§ EXTRACTED DATA:
==*==

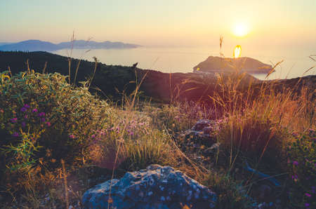 Beautiful view of the sunset and the natural landscape with the sea and hills or mountains in Montenegro.
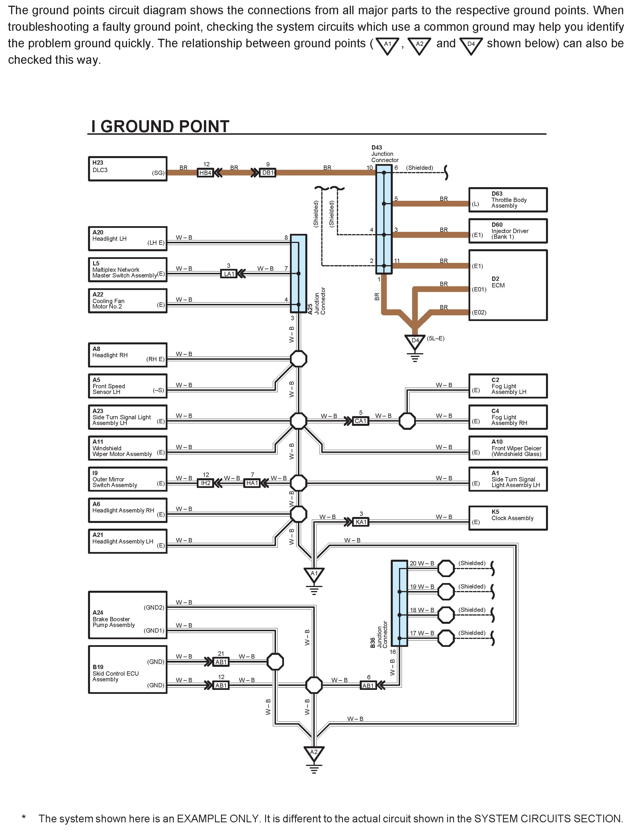 When the circuit operation is understood, begin troubleshooting of the problem circuit to isolate the cause. Use Relay Location and Electrical Wiring Routing sections to find each part, junction block and wiring harness connectors, wiring harness and wiring harness connectors and ground points of each system circuit. Internal wiring for each junction block is also provided for better understanding of connection within a junction block.
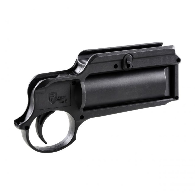 Wyrzutnia P2P HDR 50 Launcher to dodatkowy miotacz gazu pieprzowego, który montuje się na szynie rewolweru HDR 50, skutecznie zwiększając możliwości samoobrony.
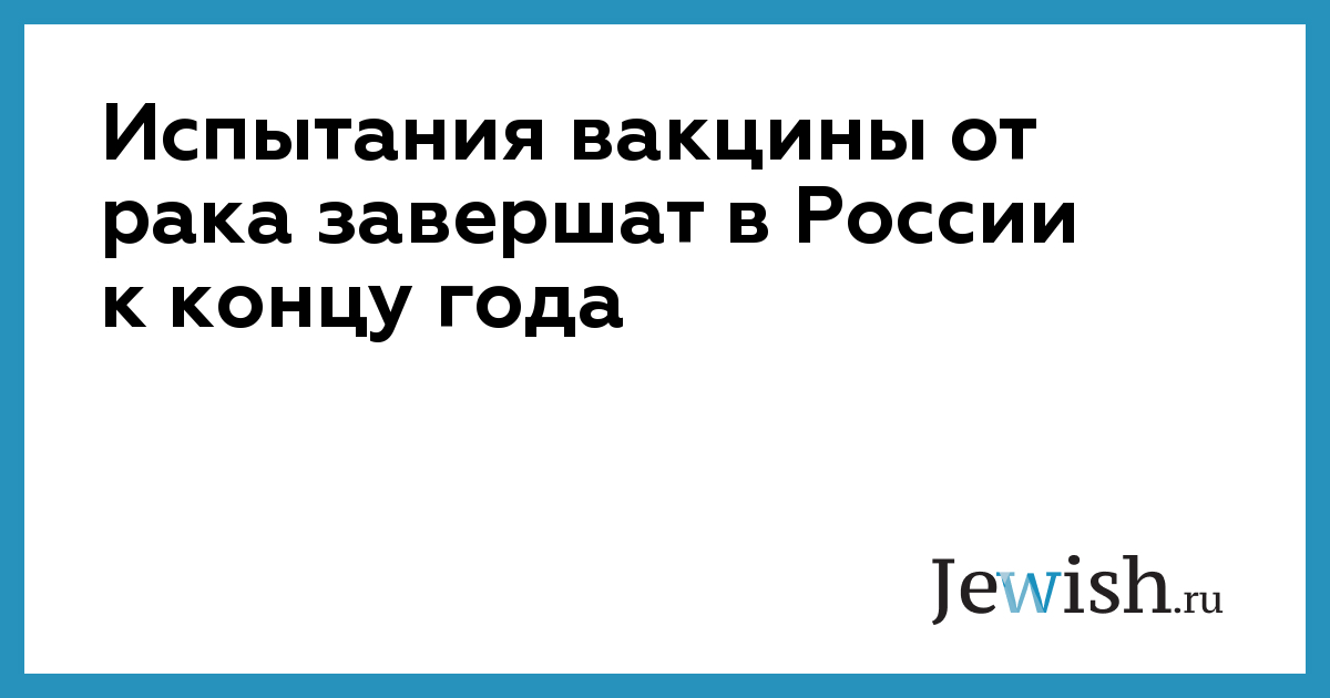 Доклинические испытания вакцины от рака, разработанной специалистами Национального исследовательского центра эпидемиологии и микробиологии им. Гамалеи, завершаться в России к концу года. Об этом рассказал ТАСС министр здравоохранения России Михаил Мурашко. «Сейчас вакцина проходит доклинические исследования, первые результаты которых рассчитываем получить уже к концу года и после приступить к клиническим испытаниям», — сообщил министр.
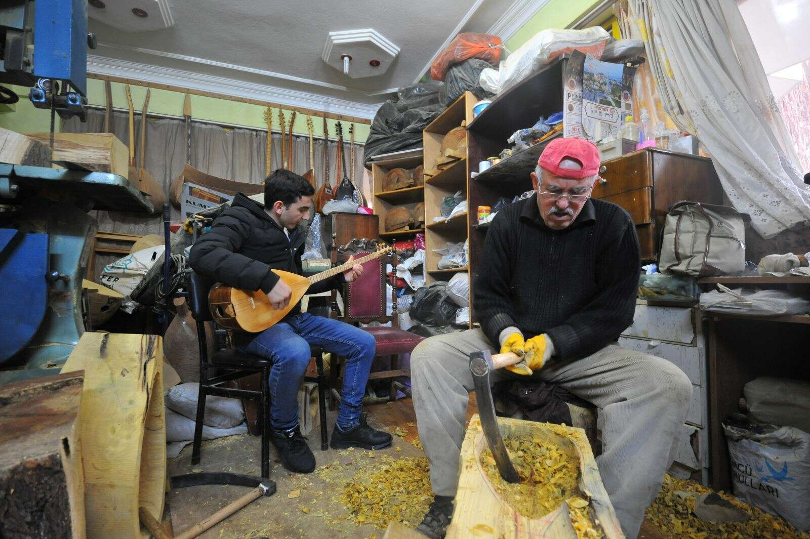 En iyi saz ve bağlamanın dut ağacından yapıldığının altını çizen Sadık Sağlam, "6 yıl bekledikten sonra ağacın kabasını oyuyoruz. Daha sonra sonra tuzlu suya atarak 1 buçuk ay bekletiyoruz. Böylece ağaç acı suyunu atmış oluyor, yani ağaç tuzlu suda fırınlanmış oluyor. Ardından tekrar yavaş yavaş kabasını alıyoruz" dedi.
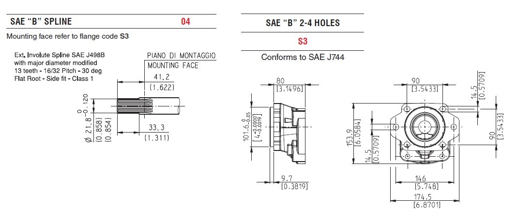 Casappa HDP30 Serisi 04S3 Kapak ve Mil Tipi Döküm Gövdeli Dişli Pompa
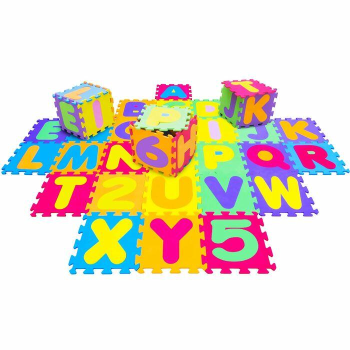Composição do kit: 1 Tapete EVA Alfanumérico com 36 peças de 28x28 com 8mm de espessura
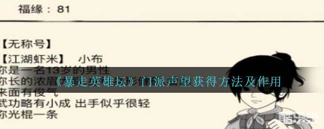 《暴走英雄坛》门派声望获得方法及作用
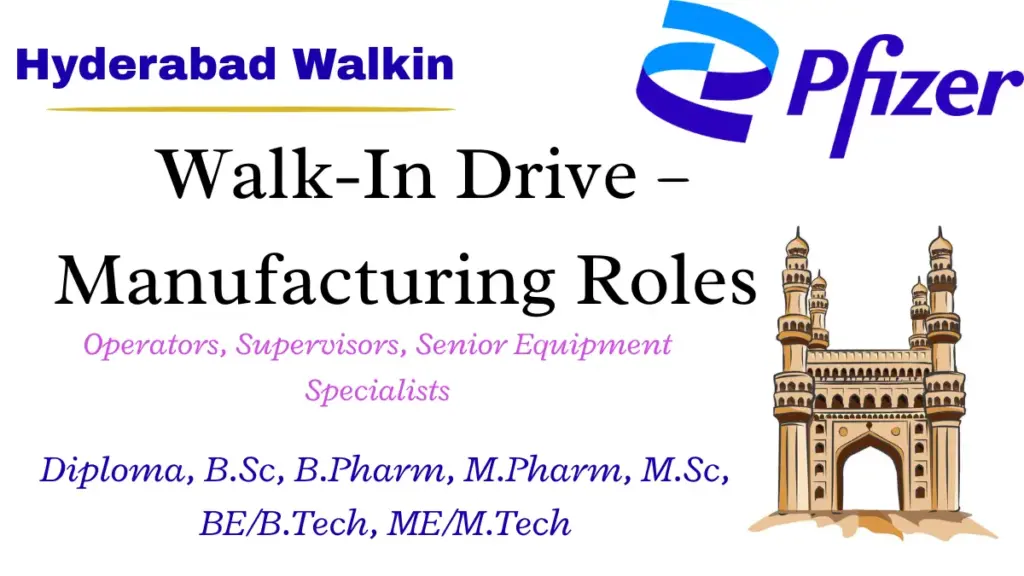 Attend Pfizer Walk-In Drive in Hyderabad on Sep 21, 2025, for Manufacturing roles. Openings for Operators, Supervisors, and Equipment Specialists.
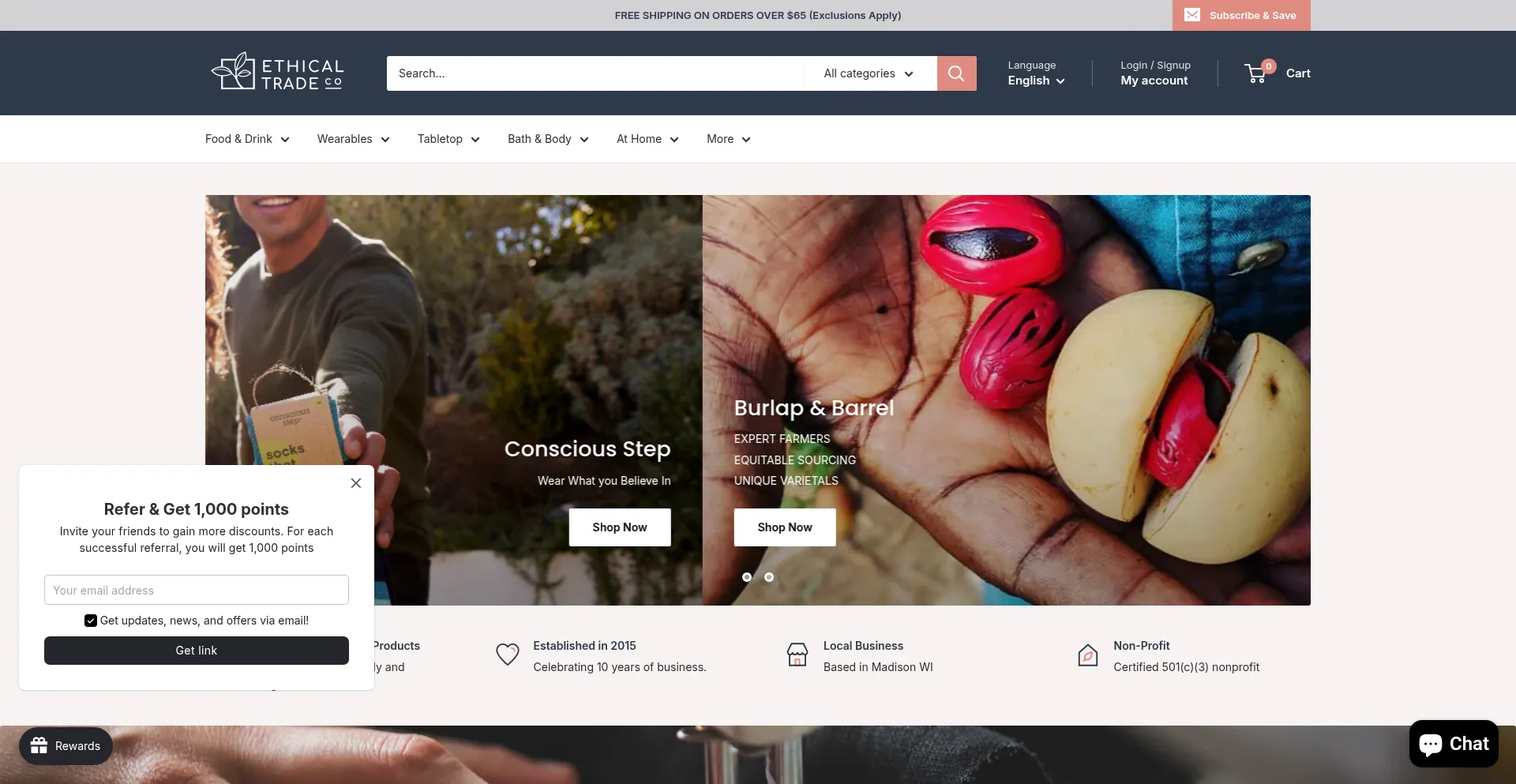 With more than 2,000 ethically sourced products, Ethical Trade Co. is a marketplace for eco-conscious, sustainable, and fair-trade products from around the globe.
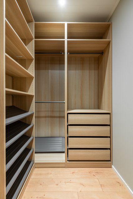 - Kaapistot. Erillisen vaatehuoneen lisäksi, vaatteiden säilytystilaa yhden makuuhuoneen yhteydessä.

==*==

§ WORK REQUEST: Both the line above containing "En iyi saz ve" and the line containing "Casappa HDP30 Serisi" belong in the copy, along with every line between them; print these exactly and omit the pictures.

§ EXERCISE RESULT:
 En iyi saz ve bağlamanın dut ağacından yapıldığının altını çizen Sadık Sağlam, "6 yıl bekledikten sonra ağacın kabasını oyuyoruz. Daha sonra sonra tuzlu suya atarak 1 buçuk ay bekletiyoruz. Böylece ağaç acı suyunu atmış oluyor, yani ağaç tuzlu suda fırınlanmış oluyor. Ardından tekrar yavaş yavaş kabasını alıyoruz" dedi.
 Casappa HDP30 Serisi 04S3 Kapak ve Mil Tipi Döküm Gövdeli Dişli Pompa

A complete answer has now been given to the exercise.